Universal Acceptance is an important concept these days because the Internet is changing. One way that it is changing is that addresses no longer need to be composed of ASCII characters. (ASCII characters are the 127 Latin-script letters, numerals and punctuation marks that are dominant on the Internet today. All the characters in this document so far have been ASCII characters.)
Most people on earth are not native speakers of languages which use the ASCII characters, so moving from a character set limited to 127 characters to an alternate which can support more than one million characters is essential for those people to fully use and benefit from the Internet. This alternate is called Unicode.
Another way that the Internet is changing is by allowing lots of new domain names. Not only are there simply more of them, but some are longer than any of the older domain names and many of them use the same Unicode system mentioned above.
Note: “Universal Acceptance” is sometimes confused with “Universal Access” or “Universal Accessibility”; those phrases refer to connecting everyone on earth to the Internet, and to building Internet-connected systems for all differently-abled people on earth, respectively. Universal acceptance is limited to domain names and email addresses.
A special group called “Universal Acceptance Steering group (UASG) has been created to work on issues related to Universal Acceptance. UASG doesn’t work on anything else (e.g. Universal Access or Universal Accessibility).
How does an app or an online service support Universal Acceptance?
Software and online services support Universal Acceptance when they offer the following capabilities:
A. Can accept any domain name or email name as an input from a user interface, from a document, or from another app or service
B. Can validate and process any domain name or email name
C. Can store any domain name or email name
D. Can output any domain name or email name to a user interface, to a document, or to another app or service
Unfortunately, older apps and online services don’t always offer those capabilities. Sometimes they lack support for Unicode; sometimes they make wrong assumptions about new domain names, or even assume they don’t exist. Sometimes they support Universal Acceptance in some features but not in all.
How can Universal Acceptance be measured?
Universal Acceptance can be measured in a few ways.
1. Source code reviews and unit testing
2. Manual testing
3. Automated testing
#1 means inspecting the source code and verifying that only the correct programming techniques, software libraries and interfaces (AKA “APIs”) have been used, then verifying that the app or service works by testing against specific test cases for the capabilities A-D listed above. #1 is only practical for app developers and online service providers.
UASG is reaching out directly to the community of app developers and the largest online service providers to encourage them to perform source code reviews and testing to determine the level of Universal Acceptance in their offerings. UASG is also providing a list of criteria which can be used to develop test cases for the capabilities A-D listed above.
#2 can be done by anyone, but it’s labor-intensive.
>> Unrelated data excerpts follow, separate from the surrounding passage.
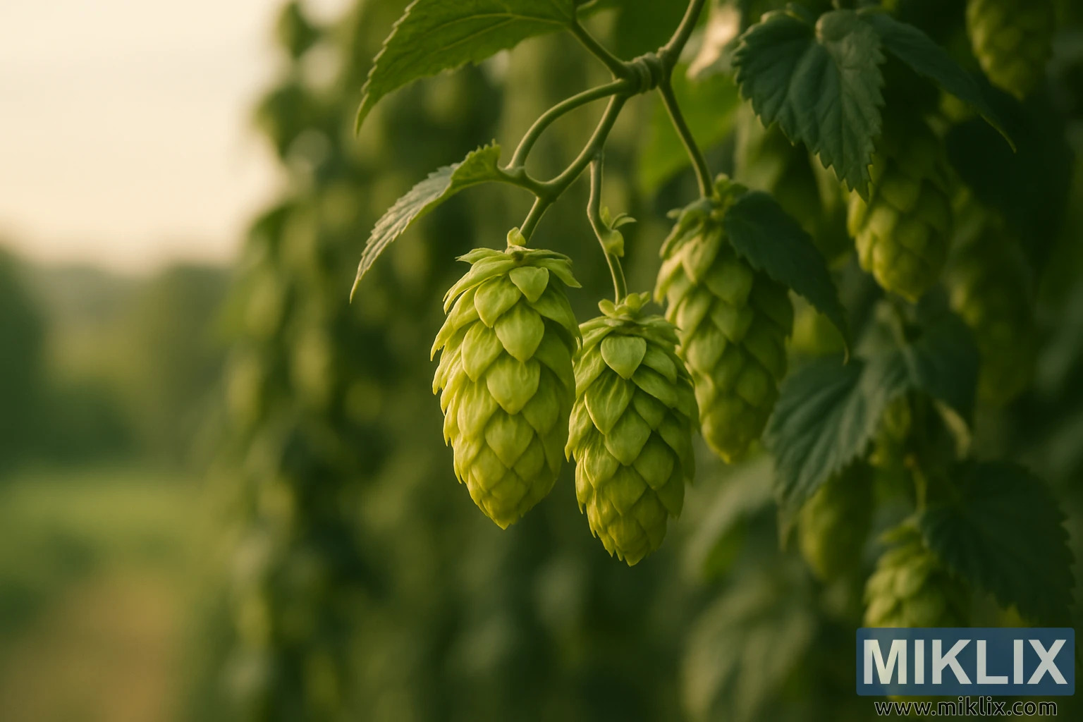 Golden-Hour Close-Up of Southern Cross Hop Cones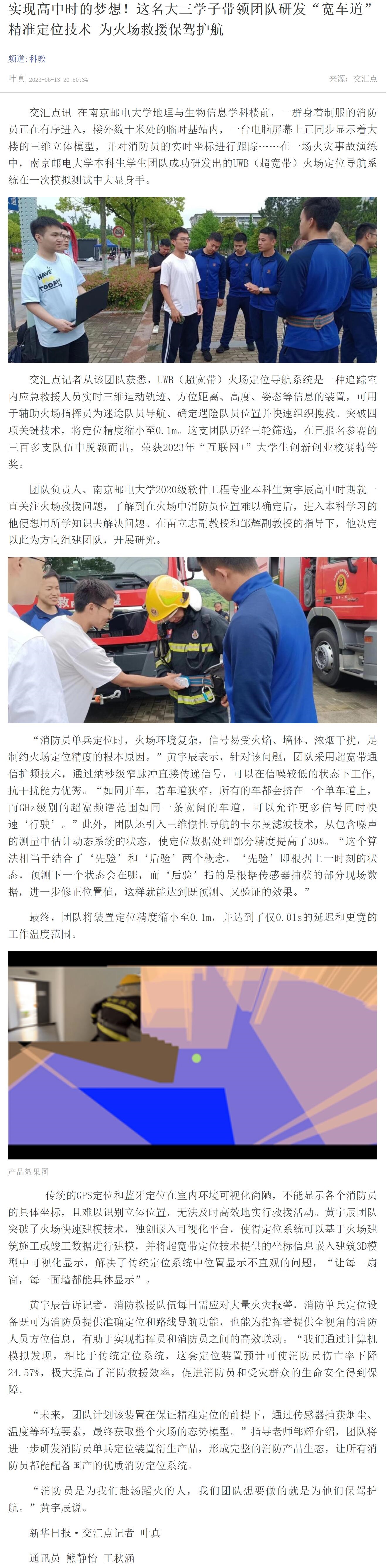 【新华日报客户端】实现高中时的梦想!这名大三学子带领团队研发“宽车道”精准定位技术 为火场救援保驾护航
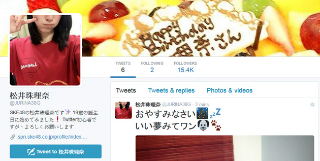SKE48 member Matsui Jurina (松井珠理奈) has opened her official Twitter by her 19th birthday (8 March 2016). It was announced by SKE48 official Twitter.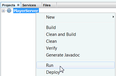 RESTful Webサービスの作成に使用するPlayerServerアプリケーションが実行中であることを確認します。 実行中でない場合はサーバーを起動し、次の手順を実行します。 a. 「Projects」タブを開きます。 b. 「PlayerServer」プロジェクトを右クリックします。 c. 「Run」を選択します。 これによってGlassFishサーバーが起動され、アプリケーションがデプロイされます。

Examples of #2 would include submitting an email address when registering for an online service and verifying that it has been accepted. Since there are lots of potential online services to sign up for, and lots of potential new email address combinations, one must pick and choose which combinations of app, services, email address and/or domain name to test.
UASG is developing a list of top web sites, apps, email addresses and domain names suitable for testing.
#3 requires up-front technical work, but is more scalable to large measuring and monitoring efforts. An example of #3 is the recent gTLD investigation performed by APNIC on behalf of ICANN. <http://www.potaroo.net/reports/Universal-Acceptance/UA-Report.pdf >
UASG is investigating methods of automated testing for Universal Acceptance and will share these as they are developed.